Task details ->
Print the data exactly as written, but leave out each picture.

Given data ->
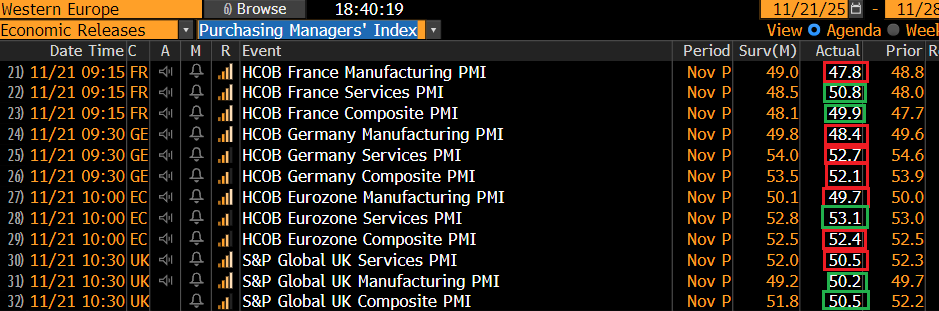 Per la cronaca, i PMI preliminari di Novembre hanno mostrato un manifatturiero in lieve assestamento ma dei servizi decisamente in forma, che hanno trainato il dato composite a ritoccare al rialzo il dato di ottobre. Molto bene i new orders, ai massimi dell’anno nei servizi. In generale l’output è indicato in espansione ad un livello nella parte alta del range degli ultimi 2 anni. Non proprio un economia moribonda.
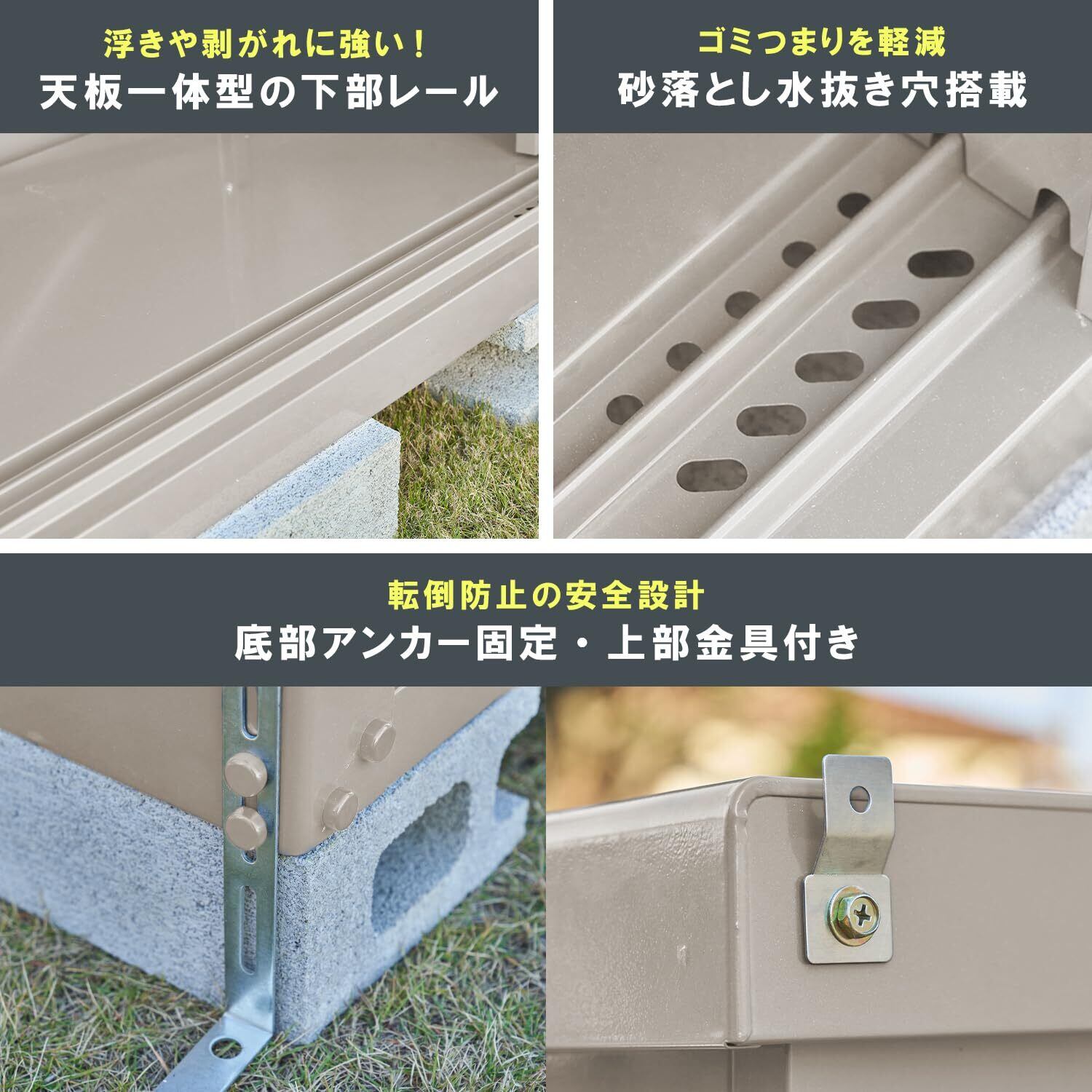 【扉の開閉がスムーズ】扉のレールは吊り戸式を採用し扉の開閉が軽く、音も静かでスムーズ。扉開閉部に付いている緩衝材は衝撃吸収の役割を果たし、扉を閉めるときに起こる金属音を軽減。下部レールは棚板一体型設計になっており、浮きや剥がれに強い。また、「砂落とし水抜き穴」がレールに施され、ゴミつまりを軽減。
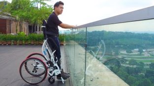 No motors, no batteries. It is a wheelchair for conventional use, with the difference that it has a simple and ingenious system to stand up with your own arms.

Exercise result ->
 Per la cronaca, i PMI preliminari di Novembre hanno mostrato un manifatturiero in lieve assestamento ma dei servizi decisamente in forma, che hanno trainato il dato composite a ritoccare al rialzo il dato di ottobre. Molto bene i new orders, ai massimi dell’anno nei servizi. In generale l’output è indicato in espansione ad un livello nella parte alta del range degli ultimi 2 anni. Non proprio un economia moribonda.
 【扉の開閉がスムーズ】扉のレールは吊り戸式を採用し扉の開閉が軽く、音も静かでスムーズ。扉開閉部に付いている緩衝材は衝撃吸収の役割を果たし、扉を閉めるときに起こる金属音を軽減。下部レールは棚板一体型設計になっており、浮きや剥がれに強い。また、「砂落とし水抜き穴」がレールに施され、ゴミつまりを軽減。
 No motors, no batteries. It is a wheelchair for conventional use, with the difference that it has a simple and ingenious system to stand up with your own arms.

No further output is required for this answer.